15 秘密組織エルフ 1

デブの妹さんが囚われてるのはアメリカ領にある兵器研究所、という事らしいけど、どうやらそこはハワイにあるみたい。俺はデブと一緒にいったんは日本軍(南軍)の本部へ行き、そこからヘリで岩国空軍基地へ向かって、そこで装備を整えて(と言っても既存の弱い兵器を持たされてもしょうがないので、俺用の武器を使う事になると思う)、輸送機でハワイへ向かう事になる。
まず俺が案内されたのは九州某所にある日本軍(南軍)本部。
地下鉄から軍基地へ向かう便に乗り換えて、地下へ、地下へと潜るとそこに広がる空間は日本軍(南軍)基地なのだった。
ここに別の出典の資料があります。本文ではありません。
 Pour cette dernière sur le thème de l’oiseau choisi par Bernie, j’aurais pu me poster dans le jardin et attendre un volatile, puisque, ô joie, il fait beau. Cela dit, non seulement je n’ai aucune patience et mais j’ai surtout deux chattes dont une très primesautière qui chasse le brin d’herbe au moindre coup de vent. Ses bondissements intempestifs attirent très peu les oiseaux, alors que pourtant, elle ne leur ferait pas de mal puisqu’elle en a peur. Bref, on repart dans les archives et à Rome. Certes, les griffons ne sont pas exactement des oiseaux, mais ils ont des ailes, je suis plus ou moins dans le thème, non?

「なるほど〜。テレビとかではこの地下鉄から行くっていうところはカットされてたから、新鮮だなー。こうなってたのかー」
と、俺が電車から眺めるそこは巨大な地底都市…じゃなくて、普通に壁だった。それから看板やらも何も無いみすぼらしい駅に降りる。まだまだトンネルは奥に進んでいくような感じだ。とりあえずここから本部へと向かうことになるらしい。
「キミカちゃん、一応言っておくけど、秘密だから」
「あー、はいはい。口外禁止ですね」
廊下は軍服姿の男性・女性、それに戦闘用のドロイドらしきものも行き交っている。後は迷彩服を着てる人、作業服を着てる人などなど。ミサトさん、俺、デブの順で奥に奥に進んでいく。ミサトさんは地位はそれなりに高いようで、すれ違う人はみんな敬礼をしていった。
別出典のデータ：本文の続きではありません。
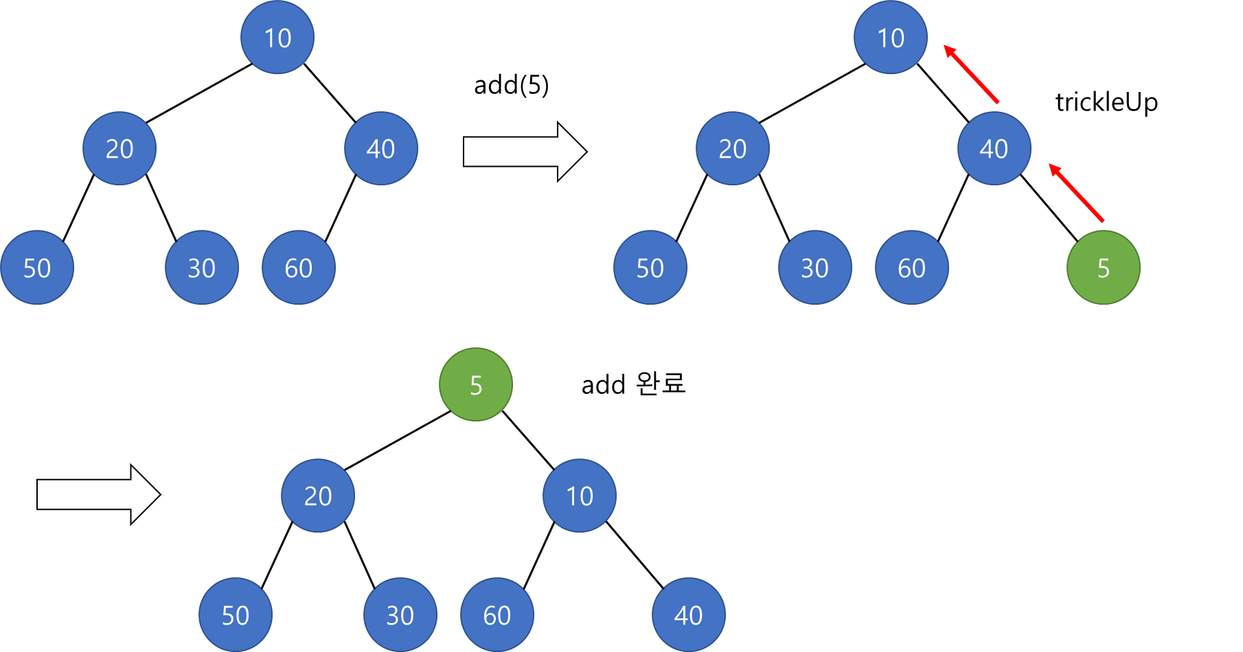- 부모 노드와 비교함, 부모 노드보다 작다면 두 노드를 교환함 (trickleUp)

無機質な廊下をさらに進んでいくとその先には兵器を置いてる倉庫?ガレージ?のような場所に出た。見下ろすと20メートルぐらい下には作業員が多脚戦車のメンテナンスをしているところだった。どうも本部って言っても、そういう兵器も格納している基地みたいになってるらしい。九州の某都市の下にこんな空間が広がっているなんて一般人は知らないだろうな。
「これからボスに会ってもらうんだけど、」
突然ミサトさんは足を停めて俺に言う。
「まぁ、ちょっと変わり者だけど、面食らう前に言っておくわ。変わり者だから」
「…は、はぁ」
そのガレージというかドックというか整備工場というか、そこをさらに進んで行くと少し大きな扉があって、「司令室」と書かれている。ここにボス?企業で言うところの社長。学校で言うところの校長先生がいるわけだね。
ミサトさんは扉の前に立つ。
扉はミサトさんを認識したのか、ピピッと音を立てて開いた。
部屋は暗い。
その凄い暗い奥のほうには大きな窓がいくつも並んでいて(多分、あの窓からガレージやらが見下ろせるんだと思う)差し込んでいる光を背にして一人の男が机に座っている。なんとも、俺がイメージしていた社長やら校長先生のイメージじゃないな。陰湿な、どことなく暗いというか、緊張感が漂っている場所だ。
その男は椅子に座ったまま、俺を見るなり一言言った。
「よく来たな。シンジ」
「あ?」
俺がこの男に発した第一声は「あ?」というマヌケな声だった。っていうか、シンジって誰だよ。人違いじゃねーの?